The trouble is, it looks like another “faster horse and carriage” solution.

Just as the first commercial motorcars were pretty much just horse-drawn buggies with the horse replaced by an engine, so we find ourselves in a sea of products trying to translate the ease of paper notetaking to a tablet format.

The solutions so far:

  • Writing directly on screen with a finger or stylus.
  • Writing on paper and taking a photo with the iPhone/iPad’s camera.
  • Writing on paper and scanning the result with a dedicated scanner.
  • Using a fancy pen to digitize the pen’s strokes as we write.

The iNotebook is in the latter category, with added fluff. It can work with or without the iPad present, storing 100+ pages in its internal memory. A companion app decodes your scrawlings and presents them as nicely rendered notebooks, which you can edit and search (well, you can search any words you typed in the app).

The price of this white elephant (available in black leather or gray canvas) is a mere $180.

The problem is, we don’t need to write on our iPads. What we need is a way to take notes as quickly and easily as we do on paper. And we don’t necessarily need the handwriting part. Paper and pen were fantastic, but typing is faster, and typed text can easily be searched without complex (and often inaccurate) handwriting-recognition software.

The advantages of paper and pen are as follows:

  • Fast – you just write.
  • Random access – you can write and doodle anywhere on a page.
  • Easy browsing – you can flip through pages and keep thumbs between them for easy reading.
  • Easy to do whether standing, sitting, walking…

The advantages of text-based notes:

  • Searchable
  • Way faster than writing

What’s needed is a way to quickly enter written text at randomly accessible places on a screen, and to be able to annotate and move these chunks around.

Once that’s done, the search and reading methods should follow.

One big problem is the keyboard. Holding an iPad in one hand and typing with the other is slow (even with the easy-to-hold mini). Maybe the keyboard should be redesigned? Is there another input method?

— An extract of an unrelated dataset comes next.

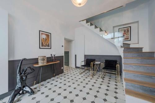 Situé à Chalifert, l’hébergement Luxury brand new art déco Disneyland met à votre disposition une connexion Wi-Fi gratuite et offre une vue sur le jardin. Cet hébergement est installé à 6,4 km de : Disneyland Paris. Il possède un jardin et un parking privé gratuit. Cette villa compte 5 chambres, une cuisine avec un réfrigérateur et un lave-vaisselle, une télévision à écran plat, un coin salon, ainsi que 3 salles de bains comportant une douche. Des serviettes et du linge de lit sont à disposition. Cet établissement 3 étoiles dispose d’un sauna et d’une terrasse. Vous séjournerez à respectivement 6,6 km et 38 km de ces lieux d’intérêt : Val d'Europe RER Station et Gare de Lyon. L'aéroport le plus proche (Aéroport de Paris - Roissy - Charles-de-Gaulle) est à 20 km. Un service de navette aéroport payant peut être assuré par l’établissement. |

Another problem is startup time. With paper you just open the book, or even scrawl on the cover. With an iPad you have to launch an app, open or create a document and then begin. Hardly the sexiest way to take down a girl’s number on the bus.

I don’t have the answer. If I did I’d be developing an app. But I know it’s not the iNotebook, or Wacom’s Inkling, or even excellent apps like Noteshelf and Penultimate. Hopefully some hotshot programmer will get on this soon.